知世は、広が忙しいと言って最近会ってくれないので、頭に来ていた。今日は知世一人で行動することにした。そして、以前見た祠を探し出して、祠に広があってくれない不満をぶちまけることにした。
家を出て、車で以前見た祠のところに行った。しかし見付からない。記憶もはっきりしない。たぶんこのあたり、そんないいかげんな感覚で探し回っている。時間だけが過ぎていく。
「もういいや、帰ろうかな」
そんな言葉をつぶやいた時、頭の中に
「こっちだよ」
という声が聞こえてきた。
「もっと早く言ってくれればいいのに」
と思ったが、神様は気まぐれなのか、知世が右往左往するのを楽しんでいたのか、それとも今神様がこの祠に降臨されたのかそれは分からない。
その声の方角に歩いて行くと、はたして祠があった。
「こんなに草に覆われていたら見つけられるわけないじゃないの」
そう言って、知世は草刈りを始めた。
ついでに祠に付いた苔や、祠の中にあった落ち葉を取って、掃除してあげた。しばらくすると祠は見違えるように綺麗になった。
「こんなものかな、せっかく綺麗にしたのだからついでに写真に撮って」
と思ってカメラを構えた。すると周りの草が目に入る。
「ああ面倒」
そう言ってまた草刈りを始めた。
そして、やっと写真を撮ることが出来た。
すると祠が
「ありがとう。このお礼はするね」
そう言ったような気がした。
その後は今日の本命、広の悪口と愚痴を言いだした。
「広はね、結婚すると言っておきながらなかなか式の日を決めてくれないのよ。私がこの日にしようと言うと、広がそのあたりは会社が忙しいというのよ。
そこで日を変えたら、今やってプロジェクトの佳境に入った時期だとか文句ばかり言う。こんなこと言っていたらいつまで待っても結婚できないじゃないの。
私は釣った魚じゃないのよ、エサももらわないと逃げちゃうわよ。今度広に会ったら言ってやろうかしら。でも分かれるとか言われると私立ち直れないし、やっぱり今の言葉なしね。
それから中々デートしてくれないのよ。休日まで会社に行く必要ないじゃないの。私なんて休日はすべて広のために空けてあるのに。

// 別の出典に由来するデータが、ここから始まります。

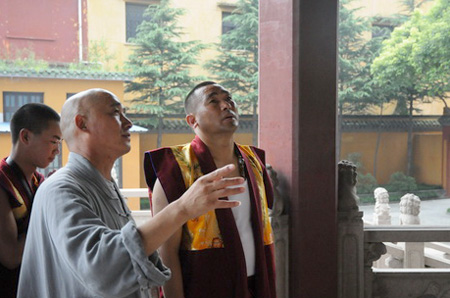 2011年9月2日上午,东宝·仲巴仁波切到江苏扬州大明寺参观访问。

今日だって、本当は2人で映画を見に行くはずだったのに、昨日の夕方急に電話してきて、『悪い明日行けなくなった。この埋め合わせはいずれする』って、あんまりじゃないの。それに埋め合わせをするって何時のことになるのか分からないじゃないの。それからね、………」
そうやって一頻り広の悪口と愚痴を言ったら、腹の虫がおさまった。
しばらく辺りを見て、さわやかな空気を吸って、瞑想。
「うんなんかいい気分」
一区切りついたので、帰ることにした。
行くときはずいぶん迷った道だったが、帰りは祠の導きかすんなり帰れた。
家に帰って、取ってきた写真をパソコンで見てみたら、草の刈り残しが目立つ。どうしようかなと思ったが、これはすべて広のせい、広が会ってくれないから悪いことにした。悪いのはすべて広のせいすることで気持ちが落ち着いた。
でも祠さんに悪いような気がして
「ごめんね、祠さん。今度行った時はもっと綺麗に草を刈るから」
そう謝る知世であった。
その後、知世が前世で死んだとき、マリーとして転生できたのは祠のお礼かもしれない。そして、広がニーゲンブルグ公爵として転生できたのも祠の導きかもしれない。
(終わり)
ここまでお読みいただいてありがとうございます。
続けてこの後7:10、7:20、7:30、7:40に次回作品「ダンゴムシの記憶を持つ男の物語」の1話から4話を公開したいと思います。
今後とも私の小説
(連載中)「転生者とバグでない異世界人の物語」
(連載中)「牛乳とチーズは違う味がする(顔だけ男の気ままな旅)」
(完結)「泡沫の恋の行方と花時計の思い」
(完結)「帝国皇女の憂鬱(前世の夫の生まれ変わりを捕まえろ)」
(短編・完結)「妖精に成れなかったダンゴムシの物語」
(短編・完結)「真冬の祭りそして祠がつなぐもの」
(短編・完結)「雨の日は嫌い、雨の日はやっぱり嫌、でも雨の日もちょっぴり好きかも」
(短編・完結)「北の関を死守せよ、野望は泡沫の夢と消えて」
をよろしくお願いします。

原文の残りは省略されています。